Tilda put the dog down on the bed and picked up the bar. “Steve?” She looked down at the beady-eyed, needle-nosed little dog staring avidly at the chocolate in her hands.
“He’s not hungry,” Eve said. “Nadine got him designer dog food and four kinds of biscuits.”
“Yes, but Steve?”
“Nadine and Ethan and Burton were watching Fargo again, and she decided he looks like Steve Buscemi.”
Tilda broke a chunk off the bar and squinted at the dog. “Not much.” She bit into the chocolate, felt the waxy sweetness rush her mouth, and twenty years fell away, and she and Eve were back in bed, whispering over torn brown wrappers with silver letters. The bars had definitely been bigger. And she definitely felt better. “Who the hell is Burton?”
“Nadine’s latest. Very pretty. No sense of humor. Has a band. She’s singing.”
“He won’t last if he doesn’t laugh.” Tilda sat down at the head of the bed, and the dog moved up beside her.

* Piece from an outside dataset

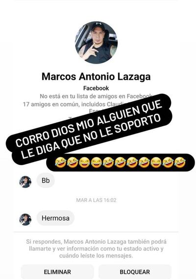 "Corro... Dios mío... Alguien que le haga saber que no le soporto", escribió la amazona acompañando su escrito con unos emojis de "ca... de risa". El tanteo fue a través del buzón de mensajes de Facebook. Lazaga se mostraba muy activo en Instagram, pero hace un tiempito ya, después de muchos escándalos que armó y después de que le "robaran" su cuenta, se creó otra, pero ya se mostró mucho más tranqui.
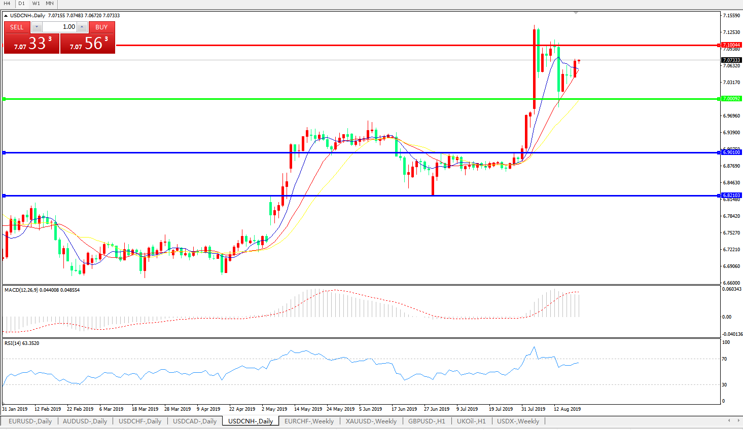美元兑人民币USDCNH 日线图:

“I hope he doesn’t. He’s a pill.” Eve made kissing noises at the dog. “C’mere, Steve.” The dog crawled slowly across the bed to her, and she stretched out and propped her head up on one hand, scratching the dog behind the ears with the other.
“So,” Eve said, looking innocent. “Tell me everything, Bundle of Lust.”
Chapter 4
TILDA CHOKED ON HER CHOCOLATE. “Nothing to tell,” she said when she’d gotten her breath back. “What’s up with you and Andrew?” She picked up the quilt and shook it out until it settled over Eve and the dog, its pattern of appliquéd leaves looking like a forest floor across the bed.
Eve looked up at her and smiled. “Come on, Vilma…”
Tilda broke off another piece of chocolate. “Really, what’s Andrew upset about?”
“Louise,” Eve said. “There was this guy at the bar and he looked like fun and I was done for the night so I had a drink. Well, Louise had a drink. I don’t think I’d be his type. I never am.” She shrugged that off. “Andrew’s just overprotective.”
“He’s overpossessive,” Tilda said. “He wants you home being safe little Eve.”
“Then he shouldn’t be paying me to be dangerous Louise,” Eve said, rolling onto her back. “I hate it when he makes me feel guilty. He was never jealous of you and Scott.”
“He’s never jealous of me at all,” Tilda said, wiggling her fingers at the dog.
“He knew Scott was all wrong for you. He knew it wouldn’t last.” Eve held out her hand. “Give me the chocolate.”
Tilda tossed the bar down to her. “Scott was perfect.” She patted the quilt. “Come here, Steve.”
The dog romped down the length of the bed to her, landing in her lap with a clumsy splat, and she laughed because he liked her so much.
“See, his name is Steve,” Eve said. “And I don’t think you want a perfect guy. I think you’ve got some Louise in you. I think you want a burglar in the night.”
Tilda petted the dog. “I am so not Louise.”
“Like Barbara Stanwyck in The Lady Eve,” Eve went on as if she hadn’t spoken. “She says she wants a guy to take her by surprise like a burglar.” Eve rolled up on her elbow, chocolate on her mouth, her blue eyes wide and innocent. “So tell me about your burglar. Was he hot?”
“So Andrew’s mad at you,” Tilda said, gathering the dog up in her arms.
“That good, huh?” Eve broke off another piece of chocolate. “Was he perfect?”
“No.” Tilda thought about his kiss in the closet and shivered. “Not even close.”
“Oooh,” Eve said, grinning at her. “Perfect.”
“See, this is why I should never talk to you about boys,” Tilda said. “You encourage me to be bad, and I get into trouble.”
“You bet,” Eve said.
“Give me the damn chocolate,” Tilda said, letting Steve settle back onto the bed, and Eve tossed it to her.
“So why did he steal the painting for you?”
“I think he felt sorry for me.” Tilda broke off another piece.
“And the Bundle of Lust part?” Eve said. “Come on. Give it up.”
“There’s nothing,” Tilda said primly, but she started to grin in spite of herself.